Use a single store for all the different data types, microservices and applications with dependencies, as much as possible.
See Oracle MAA best practices for Oracle Database for disaster protection for your runtime data.

In addition, you must protect the Kubernetes cluster control plane. Use the appropriate etcd snapshots to avoid corruptions, failures, and to provide a flashback to working clusters. Although Oracle MAA provides best practices for control plane protection against disasters, it is out of the scope of this document to describe the required techniques in that area.

Before You Begin

There are several Oracle MAA technical briefs that describe how to set up a disaster recovery (DR) system for traditional middleware systems. These documents detail the disaster protection requirements for the external infrastructure components (such as storage, load balancers, and database) that Kubernetes applications use.

Review the following for more details:

Architecture

This architecture shows the disaster recovery (DR) system's topology for the Kubernetes cluster.

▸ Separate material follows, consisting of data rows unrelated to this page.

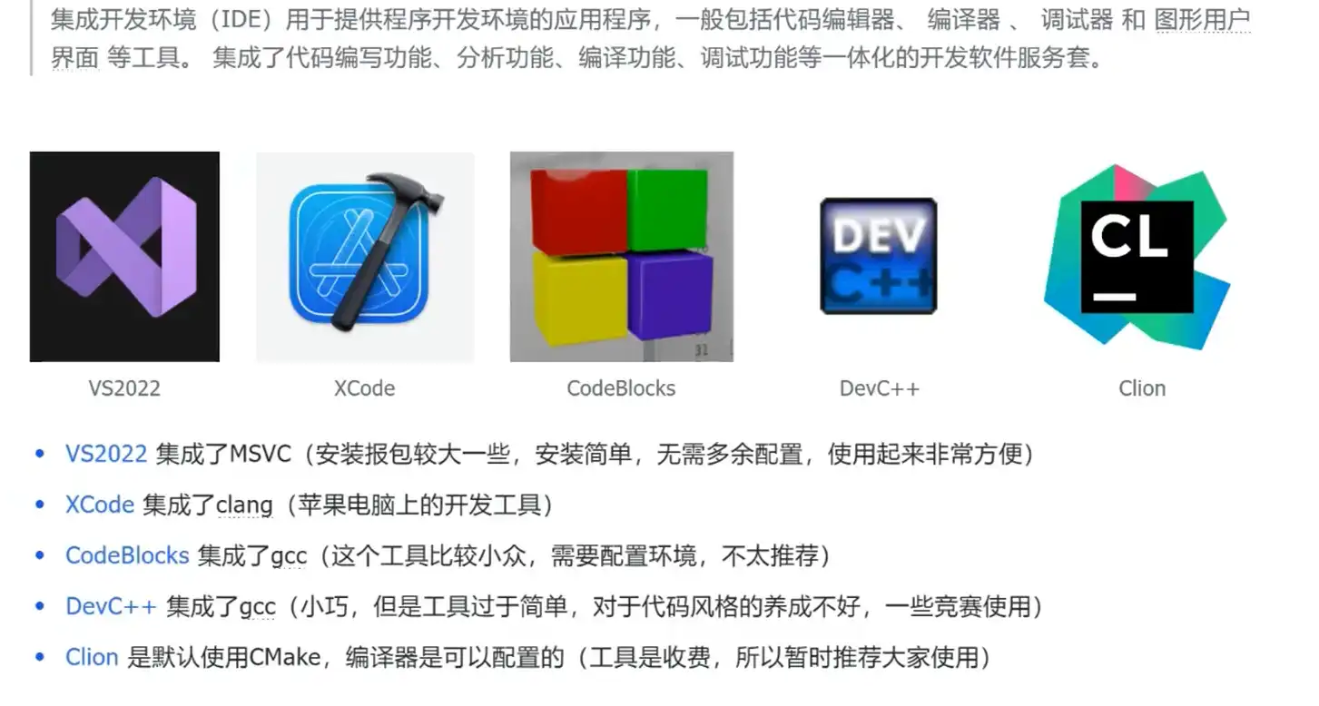 集成开发环境集成了编译器、编辑器、调试器等,比如VS2022集成了msvc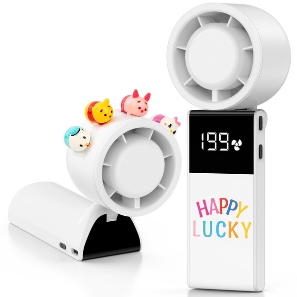 LEWOTE Portable Handheld Turbo Fan, 9 Gear Wind Rechargeable with LED Display Hand/Desk Foldable Fans,with 2 Sheets Alphabet Sticker and 4 Cartoon Doll Used For DIY (White)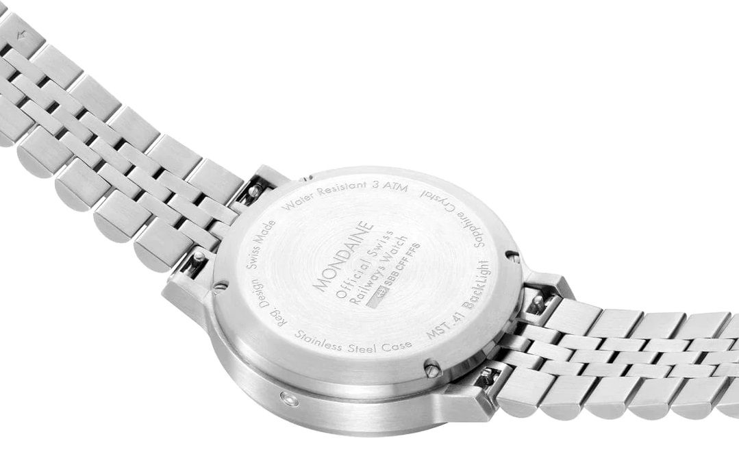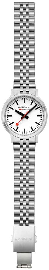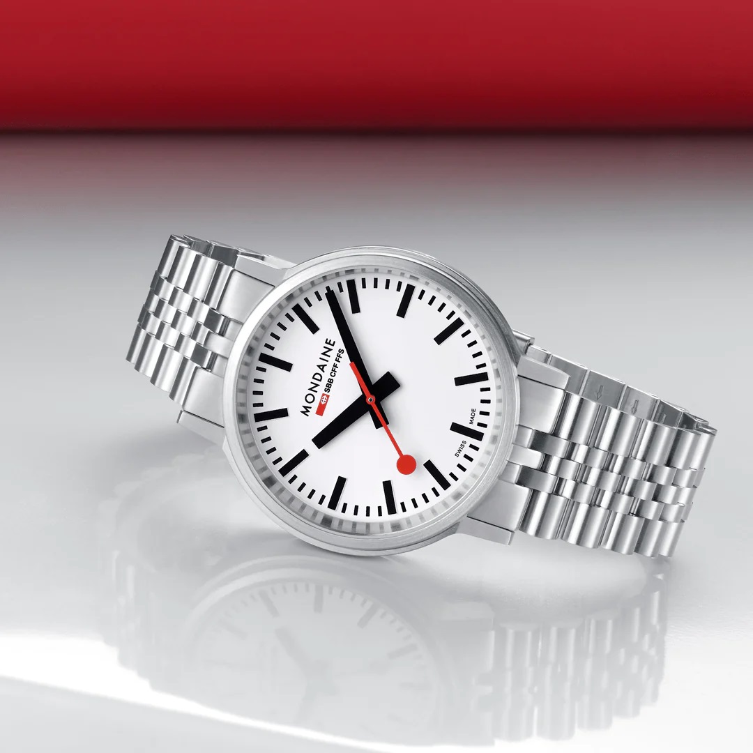 MONDAINE Stop2go MST.4101B.SJ.2SE sind klassische Herrenuhren mit einem Stahlarmband und einer Faltschließe. Das Edelstahlgehäuse hat einen Durchmesser von 41 Millimetern. Das übersichtliche weiße Zifferblatt wird durch ein widerstandsfähiges Saphirglas mit Antireflexbeschichtung geschützt und ist von den ikonischen Bahnhofsuhrendesigns mit einem roten Sekundenzeiger inspiriert. Die Zeiger sind mit einer Super-LumiNova®-Leuchtbeschichtung versehen, die nach dem Aufladen eine perfekte Lesbarkeit bei schlechten Lichtverhältnissen garantiert. Das Uhrwerk wird von einem Quarzwerk mit Stop2go-System angetrieben, das auf einem Umlauf des Sekundenzeigers in 58 Sekunden basiert. Danach bleibt er für 2 Sekunden stehen und der Minutenzeiger springt um eine volle Minute vor. Dasselbe System wird seit 1940 in den Bahnhofsuhrender Schweizerischen Bundesbahnen (SBB) verwendet, um eine genaue Zeitsynchronisation an allen Bahnhöfen zu gewährleisten. Mit einer Wasserdichtigkeit von 3 ATM sind die Uhren regen- und handwaschbeständig. Die Uhren werden mit einem Stift zur einfachen Zeiteinstellung und Zeigerjustierung geliefert.

All runtime, configuration, and metadata information residing in the primary database is replicated from Region 1 to Region 2 with Oracle Autonomous Data Guard. The required Kubernetes (K8s) cluster configuration is replicated through ETCD snapshots for control plane protection and with YAML snapshots for application configuration protection. You can use artifact snapshots or You can use etcd copies or artifact snapshots for application-specific configuration protection for application-specific configuration protection. See Kubernetes clusters restore based on etcd snapshots for more details. The images that the container uses are hosted in registries, either local to each cluster or in external repositories (images are not considered a Kubernetes cluster configuration by themselves).

Note:

Setting up Oracle Autonomous Data Guard for the runtime database is out of the scope of this document.

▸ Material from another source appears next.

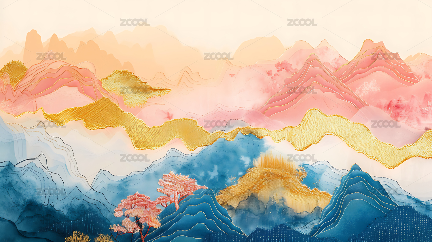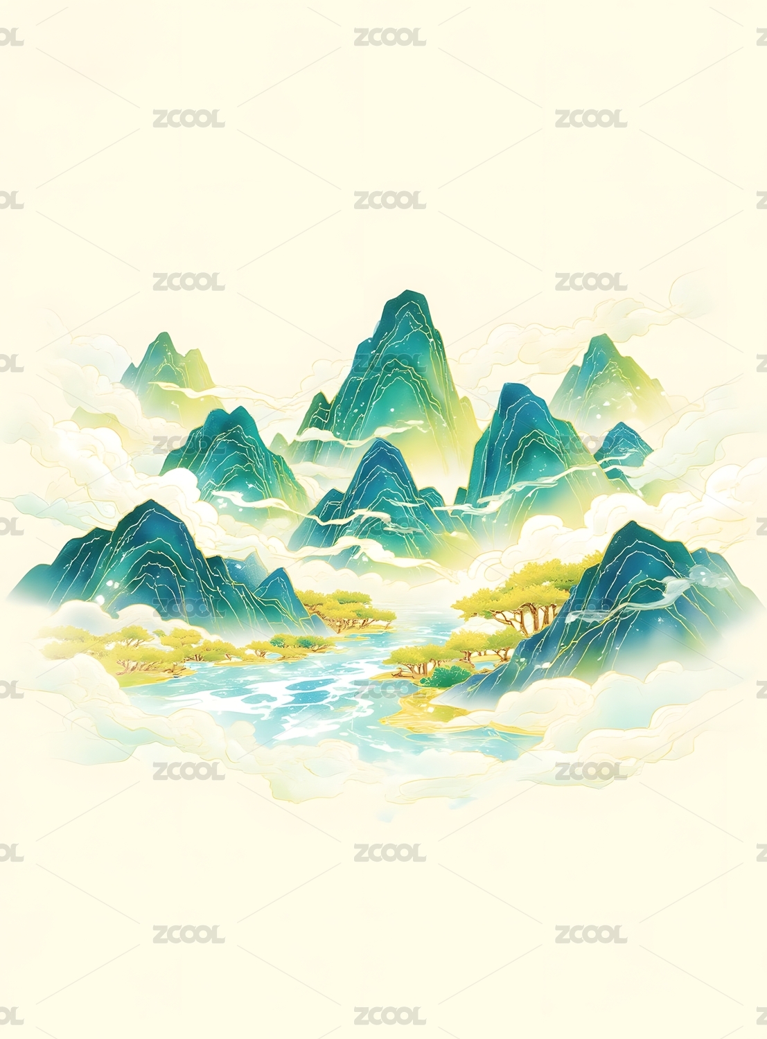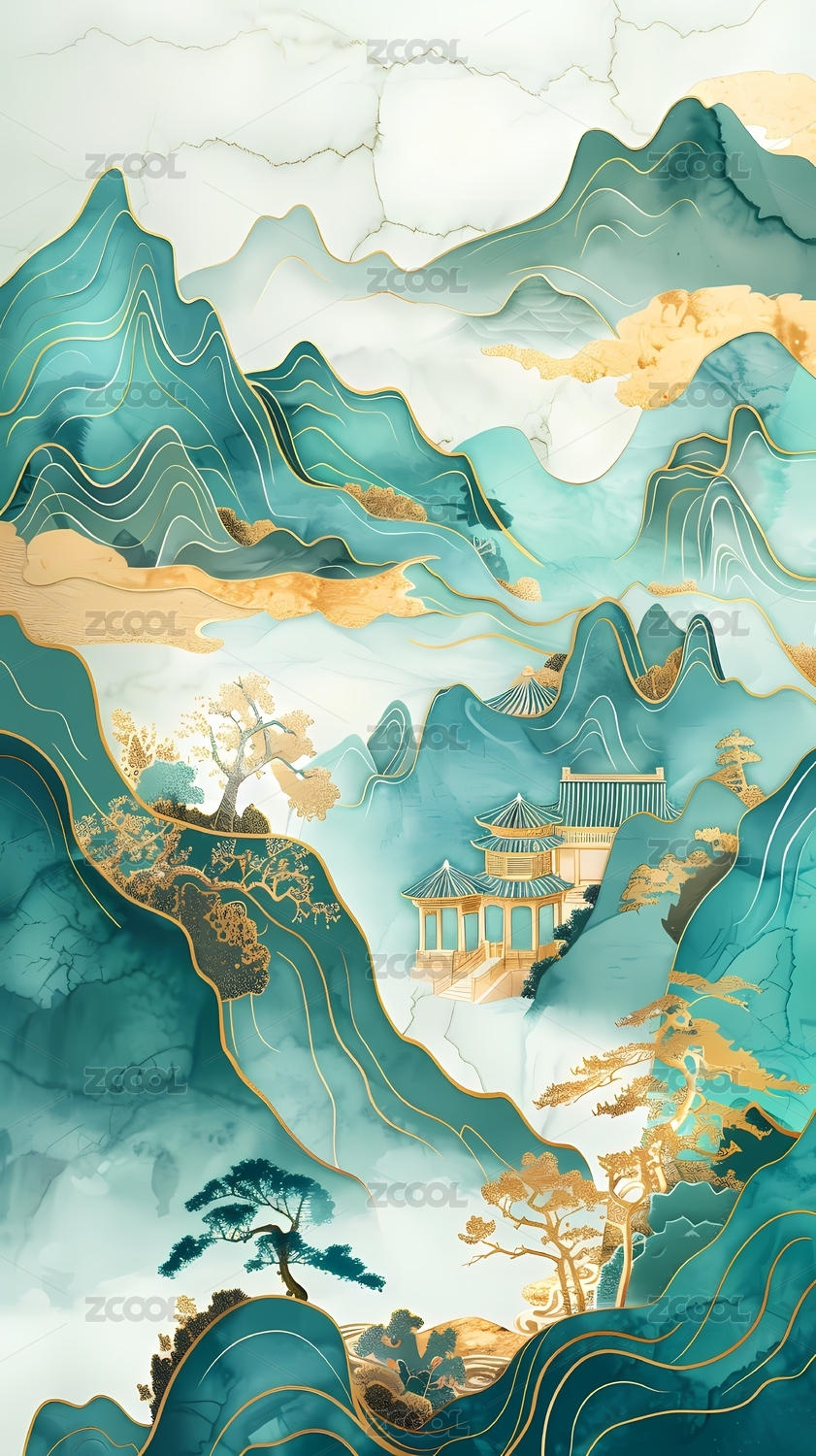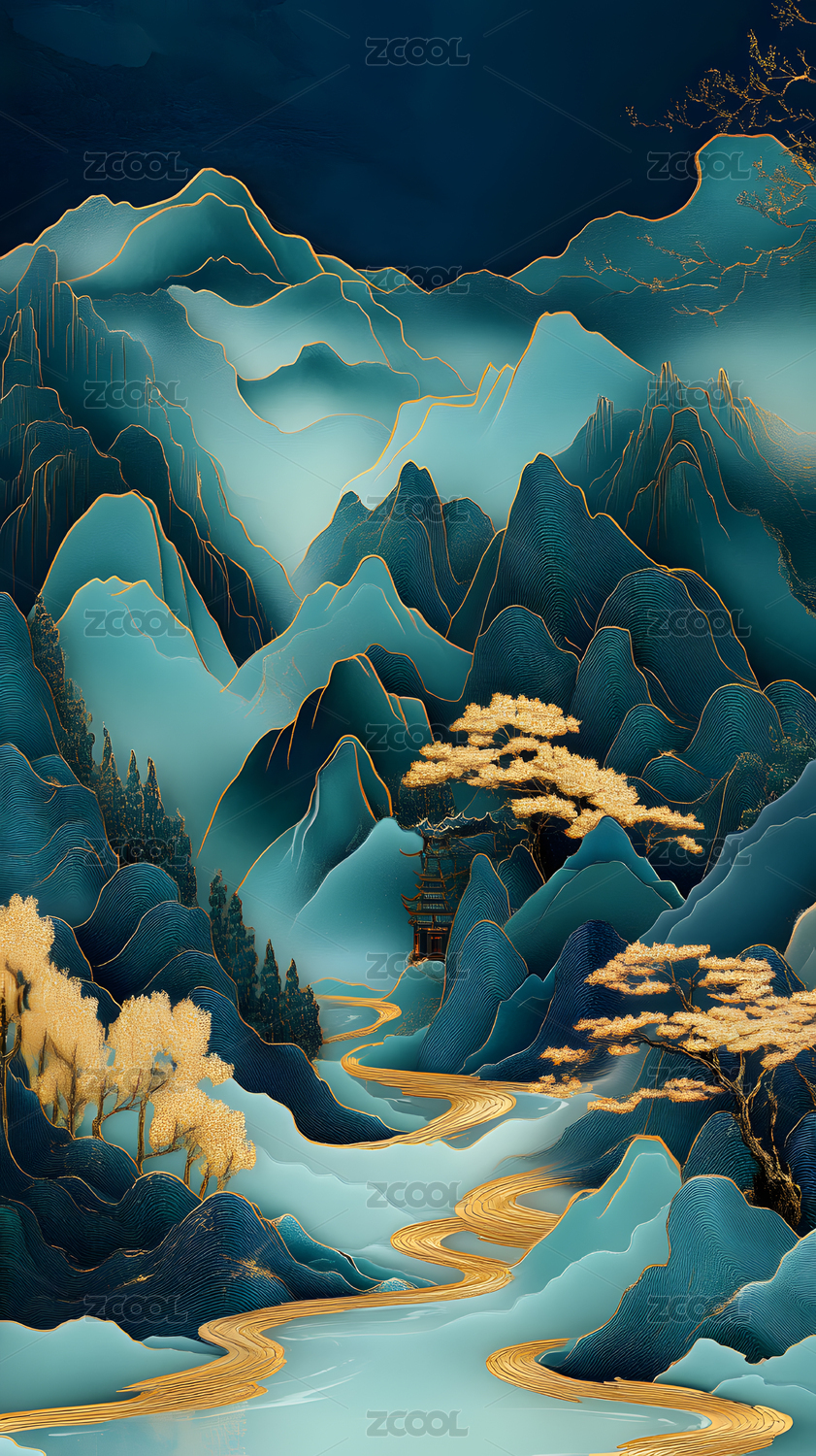 新中式,国风,山水,壁画,3d,梦幻,鎏金,超现实,水彩,水粉

Description of kubernetes-multiregion-dr.png follows

Description of the illustration kubernetes-multiregion-dr.png

kubernetes-multiregion-dr-oracle.zip

This architecture supports the following components:

Region
An Oracle Cloud Infrastructure region is a localized geographic area that contains one or more data centers, called availability domains. Regions are independent of other regions, and vast distances can separate them (across countries or even continents).
Load balancer
Oracle Cloud Infrastructure Load Balancing provides automated traffic distribution from a single entry point to multiple servers.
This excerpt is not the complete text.